**Exercise brief:** Starting with the line that contains "Celtic & Co" and ending with the last line of the entries, repeat exactly those lines and nothing else, pictures excluded.

Items listed in a dataset

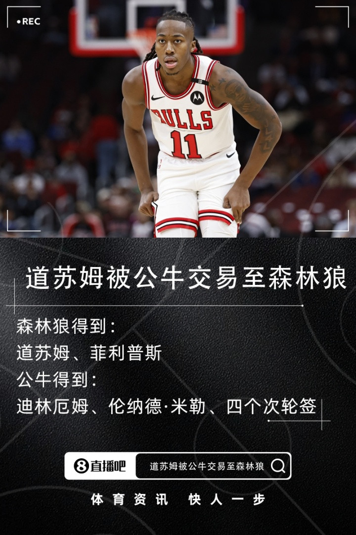 来了!公牛将道苏姆等送至森林狼换迪林厄姆+伦纳德·米勒+4次轮
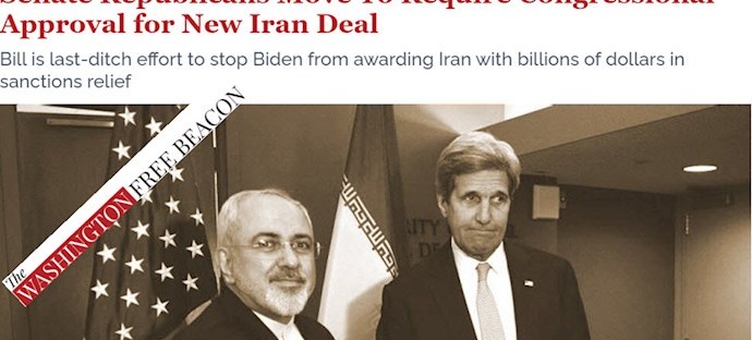 واشنگتن فری بیکن روز ۲۱خرداد درباره لایحه ارائه شده به سنای آمریکا درباره توافق با رژیم آخوندی نوشت: سناتورهای جمهوری خواه در سنای آمریکا روز جمعه در ا قدامی توافق جدید با رژیم ایران را منوط به تصویب کنگره و سنا کردند. این لایحه آخرین تلاش برای متوقف کردن بایدن از دادن جایزه چند میلیارد دلاری با برداشتن تحریمهای رژیم ایران است. سناتورها قوانینی را معرفی کردند، که بر اساس آن رئیسجمهور را ملزم خواهد کرد، تا قبل از امضای توافق هستهیی جدید با رژیم ایران، مجوز تأیید کنگره و سنا را بگیرد.
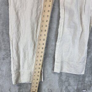 Good condition - Light wear with small faint marks/spots noted as shown in photos. Typical linen wrinkling from storage. Elastic waistband and drawstring intact; no holes or tears observed.
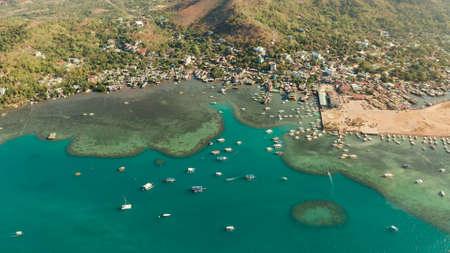 aerial view Coron City, tourist destination in the Philippines.Pier and promenade Coron town with boats on Busuanga island. Wooden boats waiting at pier. Seascape with mountains. Philippines, Palawan
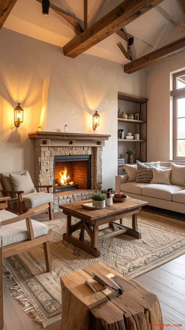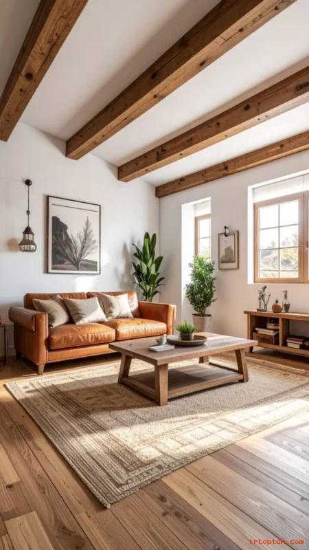 Match the beams with one other wood element like a mantle or shelf. This repeat creates harmony and keeps the space calm.
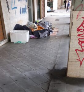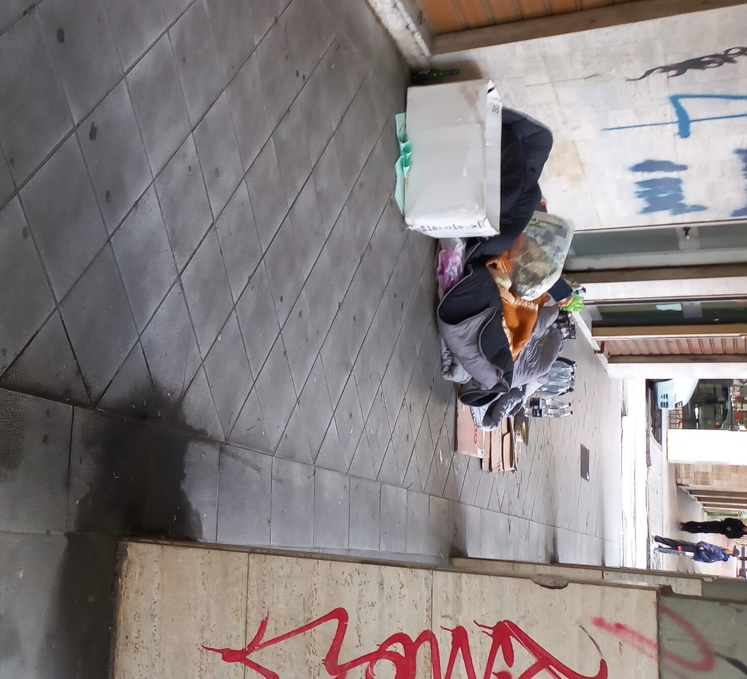 Cava de’ Tirreni, situazione igienica fuori controllo per un barbone sotto i portici di via Tafuri
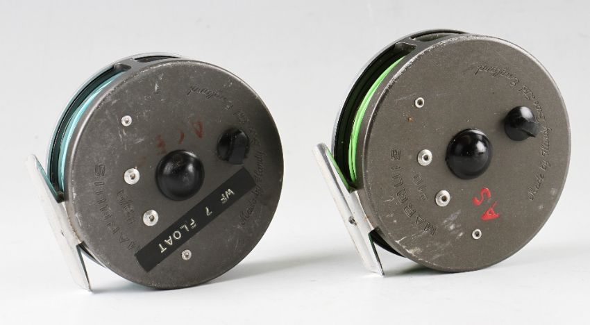 Hardy Marquis #8/9 trout fly reel: with black ebonite handle, two screw drum release latch, back plate drag adjuster, nickel “U” shaped line guide together with Hardy Marquis No.10 alloy fly reel, U shaped line guide, 2 screw drum latch, black handle, backplate tension regulator, c/w line (2) Note both in well used condition in MOB
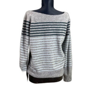 Celtic & Co 100% Lambs Wool Sweater women’s Size M gray Green blue stripes
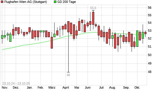Mit dem Anstieg auf 53,20 EUR hat die Flughafen Wien-Aktie am 22.10.2025 die 200-Tage-Linie nach oben gekreuzt.Die Flughafen Wien-Aktie befand sich seit dem 20.10.2025 im langfristigen Abwärtstrend ...weiterlesen
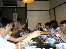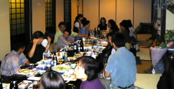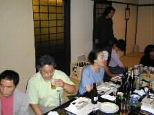 |  音楽祭のパーテイーというと、立食パーテーが多いので、今夜のような純和風の宴会はとっても珍しい、御寿司やさんということで、珍しい秋刀魚のおさしみや、握り、天ぷら、ナスと豆腐の味噌田楽、茶碗蒸し、とおいしいお料理にした鼓を打つ。 | |
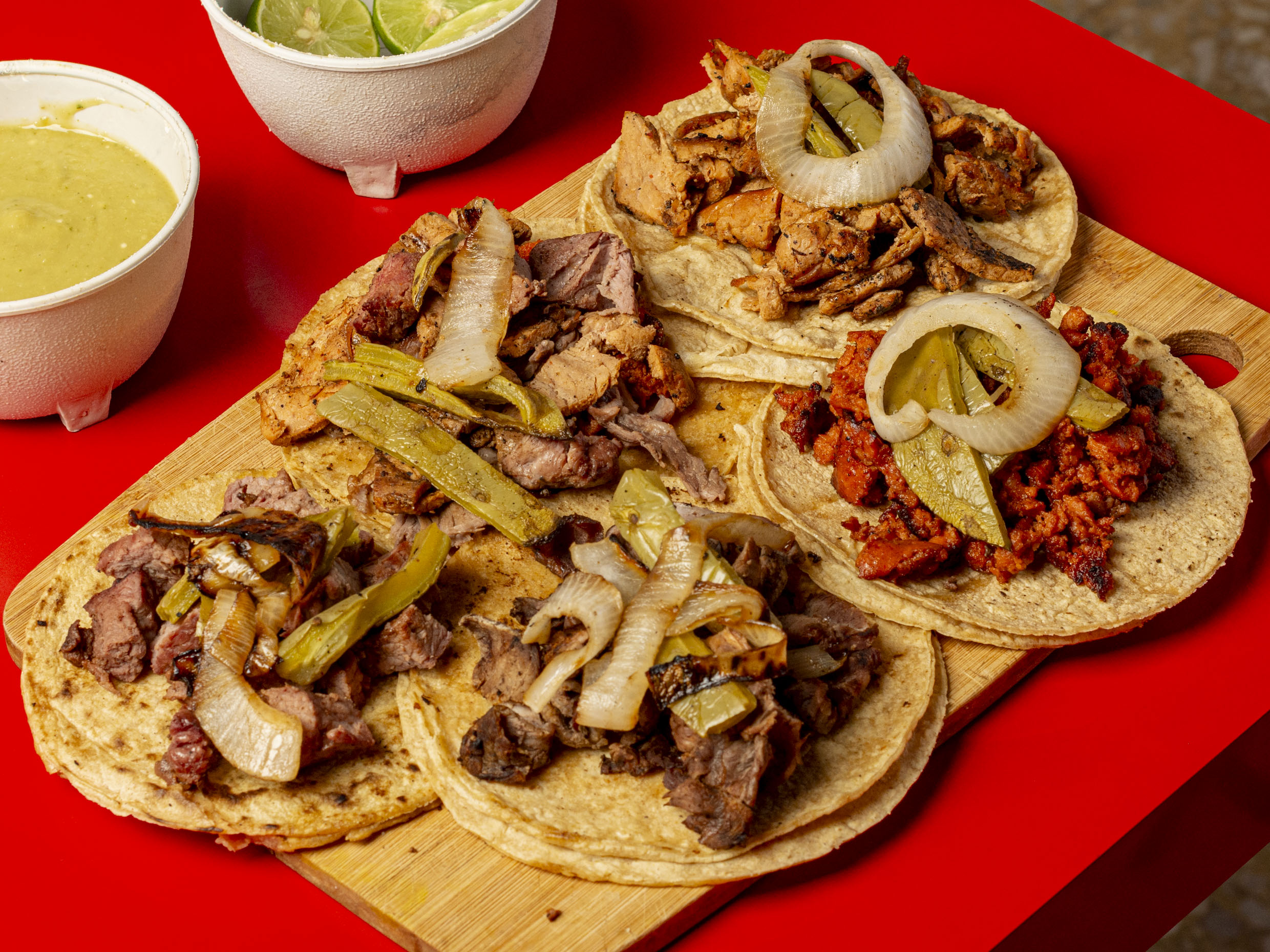2 TORTILLAS TAMAÑO NORMAL, ADOBADA BIEN SERVIDA, CEBOLLA ASADA, NOPALES O PEPINOS, SALSA O CHILES TOREADOS

**Exercise result:**
 Celtic & Co 100% Lambs Wool Sweater women’s Size M gray Green blue stripes
Mit dem Anstieg auf 53,20 EUR hat die Flughafen Wien-Aktie am 22.10.2025 die 200-Tage-Linie nach oben gekreuzt.Die Flughafen Wien-Aktie befand sich seit dem 20.10.2025 im langfristigen Abwärtstrend ...weiterlesen
 |  音楽祭のパーテイーというと、立食パーテーが多いので、今夜のような純和風の宴会はとっても珍しい、御寿司やさんということで、珍しい秋刀魚のおさしみや、握り、天ぷら、ナスと豆腐の味噌田楽、茶碗蒸し、とおいしいお料理にした鼓を打つ。 | |
2 TORTILLAS TAMAÑO NORMAL, ADOBADA BIEN SERVIDA, CEBOLLA ASADA, NOPALES O PEPINOS, SALSA O CHILES TOREADOS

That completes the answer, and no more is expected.